A recent study carried out by the United Nations October 7 found that “many effects [of global warming] once expected only several decades in the future will arrive by 2040,” according to the New York Times. Coal, despite how harmful it is to the environment, is still being used as a major source of energy worldwide. And if this current trend of coal usage remains the same as it has for the past years, there may be a mass extinction of coral reefs, more food shortages, and an increased frequency of wildfires as early as 2040.

President Trump is notorious for his view of climate change and coal. Observations of his speeches and Tweets from 2012 until the present day have found that whenever he mentions coal, he refers to it as “clean” energy. He’s also consistently said that global warming is a “hoax.” Trump is under the impression that coal can be a “cleaner” energy source after it is washed following extraction; in reality, the process of “cleaning” coal, known formally as carbon sequestration, “involves capturing the greenhouse gases generated by burning coal and storing them underground, to keep the burning of coal from accelerating climate change,” according to the Los Angeles Times. This might be a solution to the coal problem though it’s very costly and it’s highly likely that Trump was not referring to this process.

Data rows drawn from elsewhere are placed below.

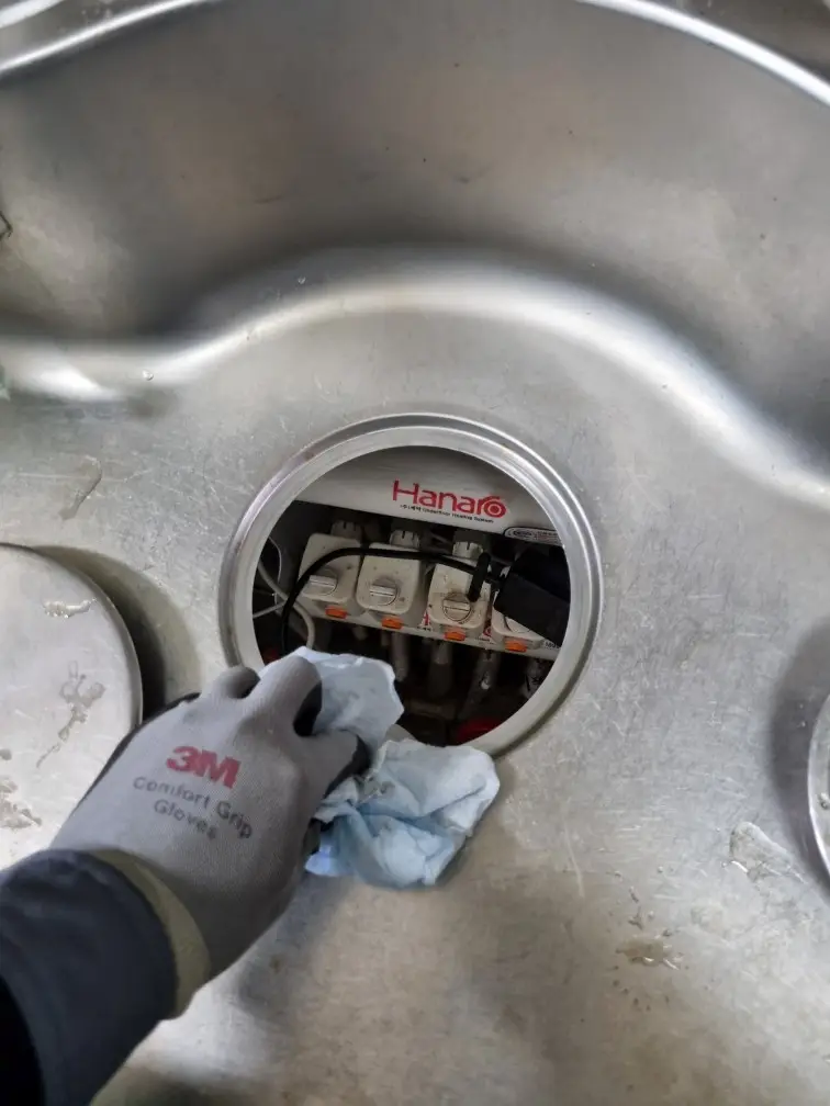 교체 전에는 하부에 물이 떨어질 수 있으니 수건이나 통을 준비하고, 배수구통과 연결된 부위를 분리합니다. 고정 너트를 풀어 기존 배수구통을 제거한 뒤, 배수구 주변 찌꺼기와 오래된 실리콘 잔여물을 깨끗하게 정리합니다.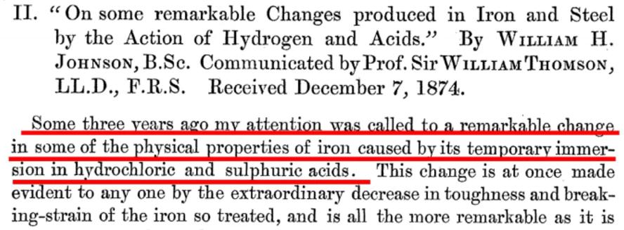 氢脆现象的发现:最早可追溯到18世纪70年代,当时在英国钢铁行业工作的冶金学家William H. Johnson,在研究中发现了一个困扰整个拉丝行业的谜团:为清除铁丝和碳钢丝储存中表面的锈迹,通常会将其浸入含酸水的浴槽中,但清洗后铁丝和碳钢丝的韧性出现了降低,这种机械性能退化的原因在当时无法解释。1875年Johnson在《Proceedings of the Royal Society of London》和《Nature》杂志上发表了系统性的论文,详细阐述了这一现象。由于当时实验条件的限制,Johnson提出了一个合理的科学假设,为金属和合金的氢脆科学奠定了基础,即酸对铁表面作用产生的部分氢气被吸收,随后释放出来,影响了金属的性能。
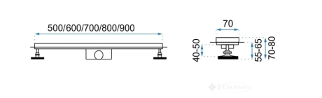 У комплекті: Злив, маскувальна пластина, ніжки, сифон, манжета Dry-Fix, кошик, інструкція з експлуатації, гачок для зміни маскувальної пластини.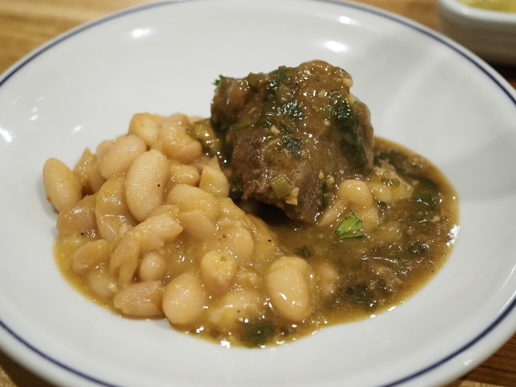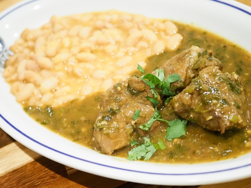 ペルー北部では、カプリートという仔山羊を煮込む料理ですが、仔山羊はなかなか手に入らないので、仔羊で。小葱やアヒアマリーヨという黄色唐辛子と香味野菜、チチャデホラというとうもろこしのどぶろくで煮込んで。カナリオ豆の煮込みと共に。

According to the New York Times’ report on the United Nations study, “in order to combat the problems caused by coal, greenhouse pollution must be reduced by 45 percent from 2010 levels by 2030, and 100 percent by 2050.”

It also found that, by 2050, use of coal as an electricity source would have to drop from nearly 40 percent today to between 1 and 7 percent. Renewable energy such as wind and solar, which make up about 20 percent of the electricity mix today, would have to increase to as much as 67 percent.” However, doing this would be very costly; the cost wouldn’t outweigh the damage done by the rise in 2.7 degrees that is projected to happen by 2040, though. Such damage would cost the world $54 trillion.